Three Reasons Why I Can Feel Good About Kyle Shanahan As Offensive Coordinator For the Washington Redskins

Yesterday I jumped the gun a little and ran off with the Mike Zimmer rumors. As soon as I heard that he was being targeted by Mike Shanahan to be our defensive coordinator, I got excited. Today, I thought we should take a similar look at a way more sure thing: Kyle Shanahan as offensive coordinator.

NOTE: I can think of three good reasons to like just about anything as many of you have learned over the last year. I invite you to agree and/or disagree and please throw your reservations into the comments section below so we can get it all out there now.

1) You want a guy who was born and raised to coach? You got him. According to Bill Williamson, the Broncos beat reporter for the Denver Post back in 2006 (and now the AFC West blogger for ESPN), Kyle Shanahan "spent his life gearing toward coaching. X's and O's. O's and X's. It was the kid's life." Our current offensive coordinator is not a coach that was persuaded to take a job he wasn't sure he wanted (Sherman Smith), nor is he a coach that was persuaded not to retire (Greg Blache). Kyle Shanahan is exactly where he wants to be, in a job he has spent his life preparing to do. Given our struggles on the offensive side of the ball in recent years, I would say this is the kind of man we need at this post.

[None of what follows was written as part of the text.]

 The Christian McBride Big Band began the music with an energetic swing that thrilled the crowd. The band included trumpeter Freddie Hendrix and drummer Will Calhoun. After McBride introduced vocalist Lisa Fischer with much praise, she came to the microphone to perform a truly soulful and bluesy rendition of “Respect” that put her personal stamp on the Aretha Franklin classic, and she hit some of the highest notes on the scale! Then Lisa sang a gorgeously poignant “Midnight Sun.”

2) Here is a quote from Kyle Shanahan, also transcribed by Bill Williamson for the Denver Post:

"I studied every potential X's and O's play and issue possible. I spent my whole life working on that. My goal was that any question a player could have about anything on the field, I'd be able to answer it. There's more to it. I'm learning that now. You have to communicate with your guys. The guys have to feel comfortable with you. They have to trust you, or they'll tune you out."

Open lines of communication? Trust between coaches and players? Comfort on the offensive side of the ball? Dogs and cats living together?...etc., etc. On offense and defense, we have struggled with all of these things at times during the last two seasons. While it was probably never as bad as it was made out to be, there was enough smoke to believe that at least a little fire existed. So I can appreciate a commitment to ensuring that players feel comfortable approaching the boss with questions and ideas, as well as the careful preparation for as many issues that could arise. By God, that is just crazy enough to work!

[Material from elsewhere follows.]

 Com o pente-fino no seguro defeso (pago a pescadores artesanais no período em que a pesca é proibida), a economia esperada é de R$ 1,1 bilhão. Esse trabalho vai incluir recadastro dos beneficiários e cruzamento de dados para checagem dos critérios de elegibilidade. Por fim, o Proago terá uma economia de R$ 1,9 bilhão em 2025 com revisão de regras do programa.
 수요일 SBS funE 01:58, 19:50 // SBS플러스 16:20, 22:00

3) We'll wrap up the trio with some actual numbers and history. He became the wide receivers coach for the Texans in 2006, and in 2008 he was promoted to the offensive coordinator position where he spent the last two seasons. As a fantasy football geek, I know how good the Texans' offense has been in that span, but most people don't realize how dominant they have been since they get overshadowed by the Colts. In his two years as offensive coordinator for the Texans they finished 3rd and 4th in the league in total offense. They averaged 22.9 points per game in 2008 and 24.2 points per game in 2009. This past season, they had the #1 passing offense...better than the Colts, Saints, and Patriots. They had the 4th highest total number of plays over 20 yards and the 4th highest total number of plays over 40 yards. Granted, their rushing offense was closer to the bottom than the top, but that only underscores the potency of their passing attack (as well as their reliance on it.) To be fair, Gary Kubiak deserves a ton of credit as well, and the combo of Andre Johnson and Matt Schaub is currently much better than anything we have going in D.C. But the year before Shanahan Jr. took over the offense it was 14th in the league.

There you have it. A team in dire need of help on offense gets an offensive minded head coach with one of the hottest coordinators in the league in tow. We have all pined for this franchise to go after a hot coordinator in the hopes of importing a fresh ideology and style. In Mike Shanahan, we get the experienced head coach AND the hot coordinator. There is a lot to like there.